What changed for an existing install:

- **`search_thoughts_text` now reads three control keys out of `p_filter`.** `start_date` and `end_date` (ISO 8601 timestamps) filter `created_at` to that range; `exclude_restricted` (boolean) drops restricted rows. A row counts as restricted when **either** the promoted `sensitivity_tier` column **or** `metadata->>'sensitivity_tier'` is `'restricted'`, so rows captured before this schema — or by canonical flows that keep the tier only in `metadata` (the same place `schemas/provenance-chains` reads it) — do not leak through on the column's `'standard'` default. These keys are stripped from the metadata-containment predicate, so they no longer require a literal metadata key of the same name. Any other `p_filter` key keeps its original `metadata @> filter` behavior. If you were (accidentally) relying on a metadata key literally named `start_date`/`end_date`/`exclude_restricted`, it is now interpreted as a control key instead.

- **`upsert_thought` gained two dedup/merge guards.**
- *Original-fingerprint fallback*: when a thought's content is corrected, its fingerprint changes. If your update path appends the pre-edit fingerprint to an append-only array `metadata.original_fingerprints[]`, a later reimport of the original source text now lands on the corrected row as a dedup hit instead of inserting a stale sibling that "outvotes" the correction. Exact-fingerprint match still wins first. If you never write `original_fingerprints`, behavior is identical to v1 (an extra indexed lookup on miss, no semantic change). On this fallback path the incoming `p_content` is the **old, pre-correction** text, so the return payload now carries a `matched_via` field (`'inserted'`, `'fingerprint'`, or `'original_fingerprint'`) alongside the unchanged `{id, fingerprint}`. A caller that recomputes an embedding from `p_content` (such as `integrations/open-brain-rest`) checks for `matched_via = 'original_fingerprint'` and skips writing the stale-text embedding over the corrected row. The RPC itself never writes `content` or `embedding` on the merge path, so older callers that ignore `matched_via` keep their previous behavior.
- *User-edit guard*: keys listed in `metadata.user_edits` are treated as human-owned.

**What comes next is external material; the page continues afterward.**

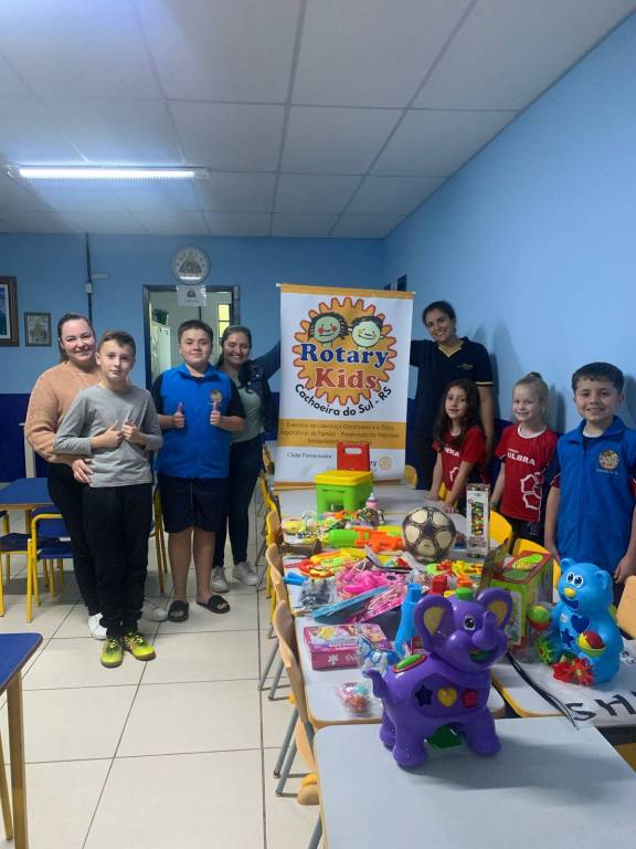 Hoje, 23 de abril de 2025, os associados do ROTARY KIDS DE CACHOEIRA DO SUL tiveram a alegria de fazer a entrega de brinquedos para a EMEI Nossa Senhora Aparecida, no Bairro Bom Retiro. Uma pequena campanha de doação entre os associados do Rotary Arrozais para essa açãodos Kids, por ocasião da Páscoa. Os brinquedos tem o objetivo de complementar as salas de atendimento das crianças dessa escola. Foram recebidos pela Diretora Ana Luisa Brochi que ficou muito feliz com a doação recebida.

On the merge path they (and the system-managed `user_edits` / `original_fingerprints` maps) are stripped from the incoming patch so an automated reimport cannot resurrect stale values over a human correction. The guard now also covers the **promoted scalar columns**: if a field (`type`, `importance`, `quality_score`, `source_type`, `sensitivity_tier`) is marked human-owned, the scalar column is preserved too, so the column and `metadata.<key>` stay in agreement instead of the column silently overwriting. If you never write `user_edits`, behavior is identical to v1.
- *Merge preserves omitted fields*: on a re-upsert that **omits** a structured field, the existing column is now kept rather than reset to a hardcoded default. A metadata-only re-upsert (new tags, a note) no longer rewrites `importance`/`quality_score`/`type`/`source_type`/`sensitivity_tier` — in particular it no longer silently downgrades `sensitivity_tier` from `restricted` to `standard`. An explicitly provided value still updates the column, and brand-new rows still get the documented insert defaults.
- To make the fallback possible the function now does an explicit fingerprint lookup and branches INSERT vs UPDATE instead of using `ON CONFLICT`. The visible result is the same `{id, fingerprint}` payload.

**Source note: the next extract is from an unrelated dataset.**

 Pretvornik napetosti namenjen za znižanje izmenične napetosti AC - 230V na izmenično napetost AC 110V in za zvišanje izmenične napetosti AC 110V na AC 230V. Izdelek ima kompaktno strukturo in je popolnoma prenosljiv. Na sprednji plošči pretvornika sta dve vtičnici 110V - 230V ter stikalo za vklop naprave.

- **Importance stays on the 0-100 scale (deliberate deviation).** ExoCortex widened its own importance to a 0-6 scale. Open Brain's `upsert_thought` already accepts a wider 0-100 range, so it does not clip 0-6 values — adopting 0-6 here would retroactively rescale every existing row's importance, which is a breaking data change, not an additive one. The column default remains 3; payload values are clamped to 0-100. Treat 0-6 as a subset if you want cross-system parity.

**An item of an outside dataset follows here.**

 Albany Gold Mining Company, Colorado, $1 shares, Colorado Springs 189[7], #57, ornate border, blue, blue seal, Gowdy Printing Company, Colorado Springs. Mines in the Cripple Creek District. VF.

- **New opt-in RPC `match_thoughts_superseded_aware`** (installed only when `schemas/typed-reasoning-edges/` is present). It returns the same columns as the core `match_thoughts` plus `superseded_by UUID`, and applies a 0.8x penalty to thoughts that are the target of a `supersedes` edge so stale predecessors rank below their replacements without being excluded. The core `match_thoughts` is not modified. If `public.thought_edges` is missing, this function is skipped with a `NOTICE` and the rest of the migration still applies.

## Security

This schema follows stock Open Brain's "service_role only" posture:

- `brain_stats_aggregate` and `get_thought_connections` are `SECURITY DEFINER` with `SET search_path = public` (defense in depth against search-path hijacks). They can read the full `thoughts` table regardless of RLS.
- `search_thoughts_text` is `SECURITY INVOKER` and respects RLS.
- **None of the three RPCs are granted to `anon`.** Execute privilege is limited to `authenticated` and `service_role`. The publishable anon key cannot call them.
- `match_thoughts_superseded_aware` is `SECURITY INVOKER` and granted to `service_role` only, matching the access posture of `public.thought_edges` (service-role only).
- `upsert_thought` is granted to `service_role` only. The `exclude_restricted` control key on `search_thoughts_text` lets a caller drop restricted rows, but the default is `false` (restricted rows are returned), so set it explicitly when building any lower-trust surface.
- **None of the read RPCs are granted to `anon`.** Execute privilege is limited to `authenticated` and `service_role` (or `service_role` only, per function above). The publishable anon key cannot call them.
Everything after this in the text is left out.